Wo sehen Sie die grössten Stärken Zürichs im internationalen Vergleich? Und wo sehen Sie Handlungsbedarf?
Zürich ist klein genug, um Orientierung, Nähe und ein Daheimsein zu vermitteln, aber doch auch gross genug, um alles zu bieten, was man sich an Dienstleistungen, Entertainment und Internationalität wünscht. Die Wege innerhalb der Schweiz sind nach wie vor kurz und die Erreichbarkeit gut. Das ÖV-Angebot und die Erschliessung sind grossartig. Handlungsbedarf sehe ich bei der Behandlung von internationalen Firmen, Steuerthemen und zum Teil leider auch beim Föderalismus zum Beispiel mit den unterschiedlichen Bauvorschriften je nach Kanton und Gemeinde, was vieles erschwert.

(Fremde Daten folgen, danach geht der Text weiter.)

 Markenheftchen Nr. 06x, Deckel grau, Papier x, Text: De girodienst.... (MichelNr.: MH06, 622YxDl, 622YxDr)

Einen qualitativen hochwertigen Standort zeichnet auch die Verfügbarkeit von erschwinglichem Wohnraum aus. Was braucht es, damit für die wachsende Bevölkerung genügend bezahlbarer Wohnraum entsteht?

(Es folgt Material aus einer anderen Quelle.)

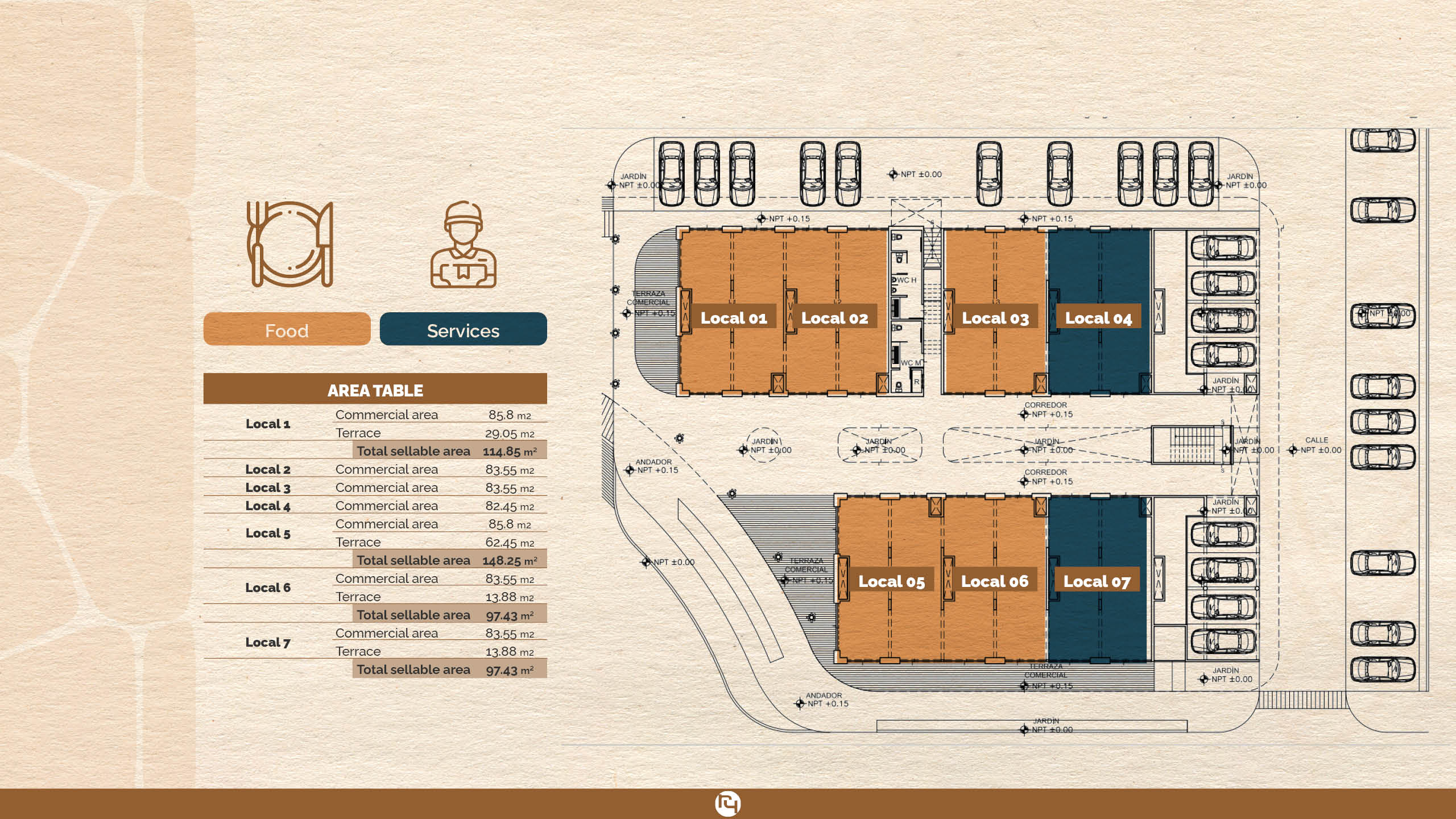 - 5 of the commercial spaces are equipped with the necessary facilities to be used for food sales and/or restaurants.

Es braucht Verdichtung, damit höher und grösser gebaut werden kann. Dafür braucht es weniger einschränkende Gesetze, wie zum Beispiel der Lärmschutz, ISOS (Inventar der schützenswerten Ortsbilder der Schweiz), Brandschutz und vieles mehr. Die Einsprachen sollten darauf beschränkt werden, dass nur berechtigte Einsprachen möglich sind, das heisst Einsprachen, die rein auf Verzögerung aus sind, zum Beispiel wegen Ästhetik oder Schattenwurf, sollten nicht mehr möglich sein. Auch die Verfahren für die Baubewilligungen sollten einfach und schneller abgewickelt werden. Hier hoffe ich aufgrund der hohen Komplexität sehr auf KI, die in diesem Bereich in Zukunft viel Vorarbeit leisten kann. Weiter sollte der Markt spielen können – weniger Regulierungen führen zu mehr Wohnraum und zu schnelleren Umsetzungen. Steigt das Angebot, so wird die Nachfrage kleiner und die Mietpreise beginnen wieder zu sinken.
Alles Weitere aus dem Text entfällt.